-- Task brief --
Everything from the line containing "This section presents" through the final line of the entries, both included, should be copied exactly and with nothing else; please skip pictures.

-- Data section --

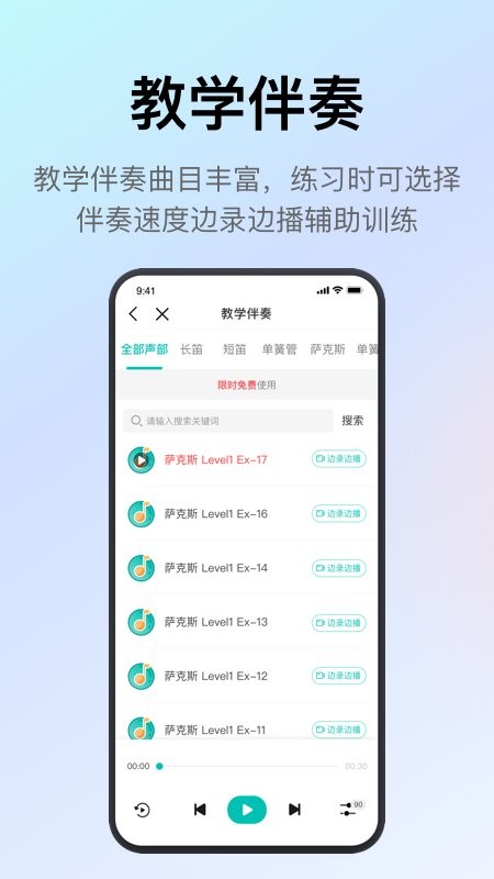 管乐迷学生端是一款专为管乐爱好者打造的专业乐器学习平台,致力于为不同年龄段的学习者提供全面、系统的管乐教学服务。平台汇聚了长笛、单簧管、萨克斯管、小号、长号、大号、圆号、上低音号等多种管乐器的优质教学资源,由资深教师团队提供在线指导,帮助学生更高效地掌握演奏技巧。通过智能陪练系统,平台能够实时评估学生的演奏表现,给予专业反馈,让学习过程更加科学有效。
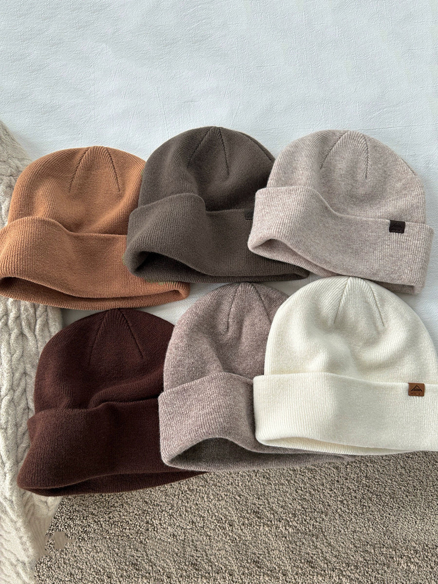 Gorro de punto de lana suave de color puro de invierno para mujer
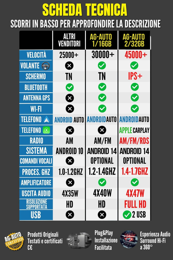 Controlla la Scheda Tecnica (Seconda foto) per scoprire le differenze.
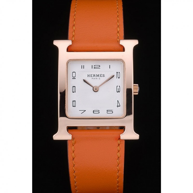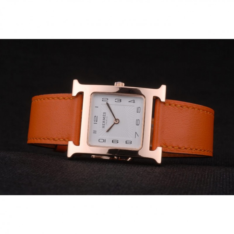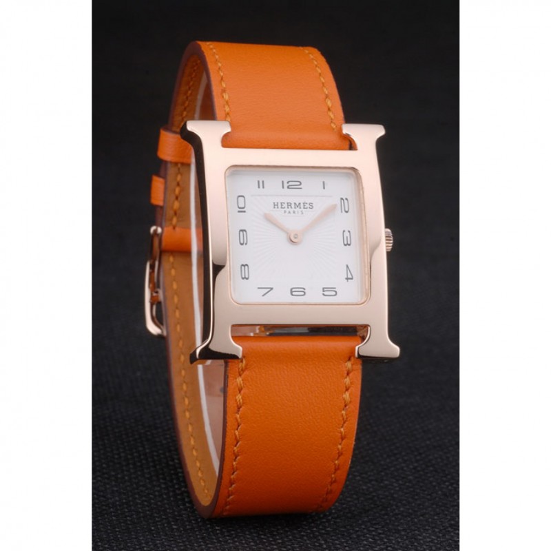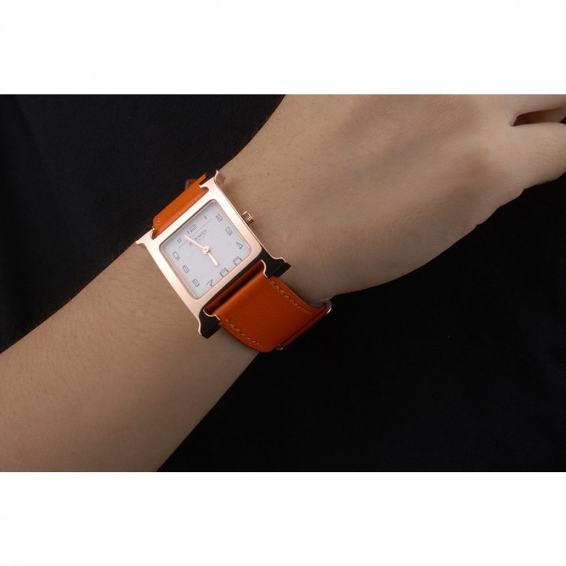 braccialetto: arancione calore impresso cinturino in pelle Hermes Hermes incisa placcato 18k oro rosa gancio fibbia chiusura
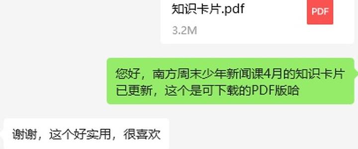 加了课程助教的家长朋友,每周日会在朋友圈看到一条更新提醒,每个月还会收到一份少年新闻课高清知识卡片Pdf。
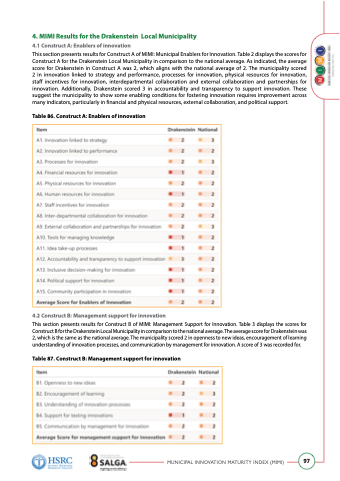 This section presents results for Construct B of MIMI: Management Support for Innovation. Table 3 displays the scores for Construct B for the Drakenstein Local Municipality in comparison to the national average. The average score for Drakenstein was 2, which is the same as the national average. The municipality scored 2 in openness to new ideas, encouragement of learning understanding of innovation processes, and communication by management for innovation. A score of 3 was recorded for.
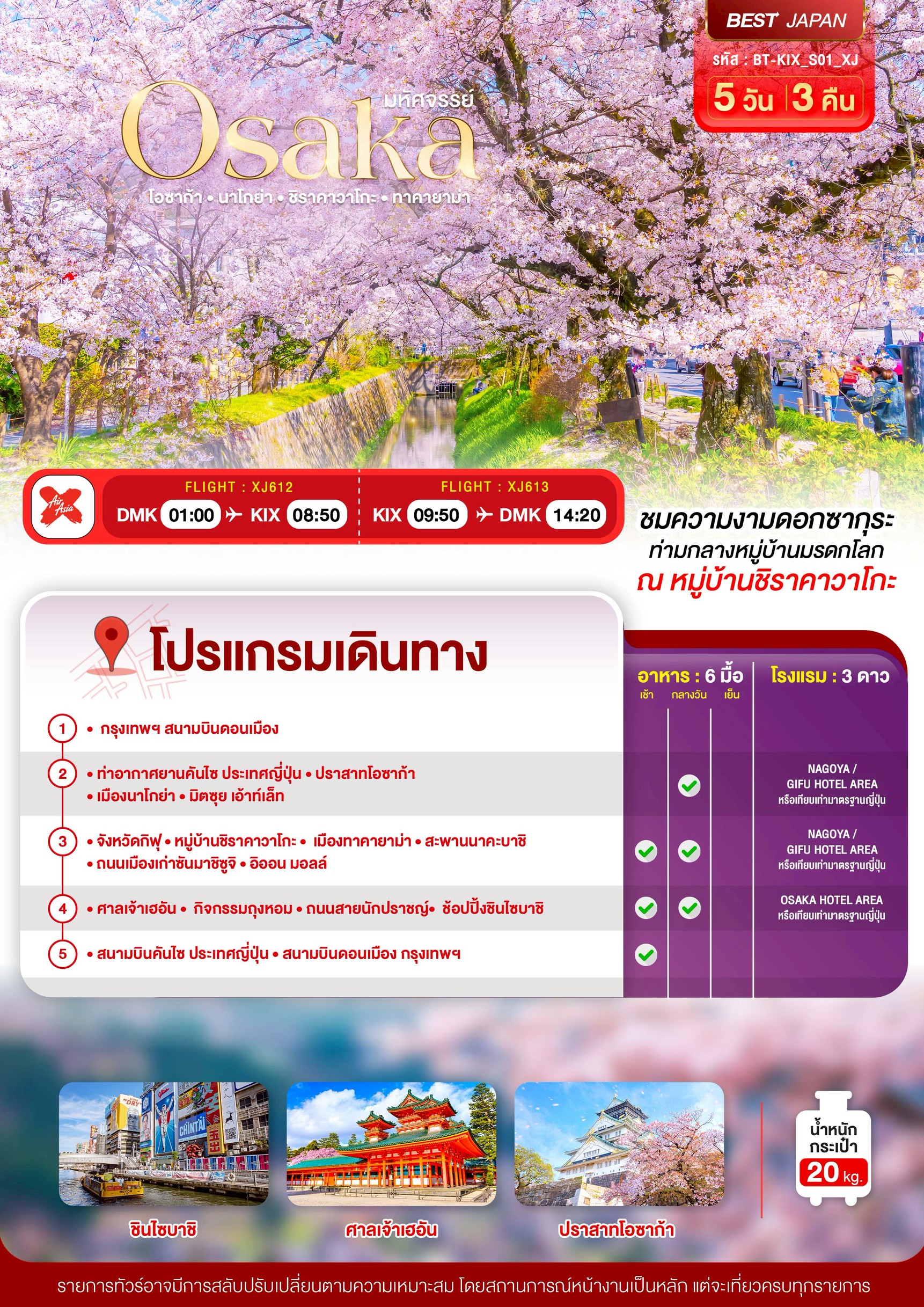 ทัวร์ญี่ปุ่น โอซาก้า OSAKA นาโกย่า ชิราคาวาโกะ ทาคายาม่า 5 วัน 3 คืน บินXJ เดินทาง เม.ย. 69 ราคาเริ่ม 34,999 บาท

-- Output below --
 This section presents results for Construct B of MIMI: Management Support for Innovation. Table 3 displays the scores for Construct B for the Drakenstein Local Municipality in comparison to the national average. The average score for Drakenstein was 2, which is the same as the national average. The municipality scored 2 in openness to new ideas, encouragement of learning understanding of innovation processes, and communication by management for innovation. A score of 3 was recorded for.
 ทัวร์ญี่ปุ่น โอซาก้า OSAKA นาโกย่า ชิราคาวาโกะ ทาคายาม่า 5 วัน 3 คืน บินXJ เดินทาง เม.ย. 69 ราคาเริ่ม 34,999 บาท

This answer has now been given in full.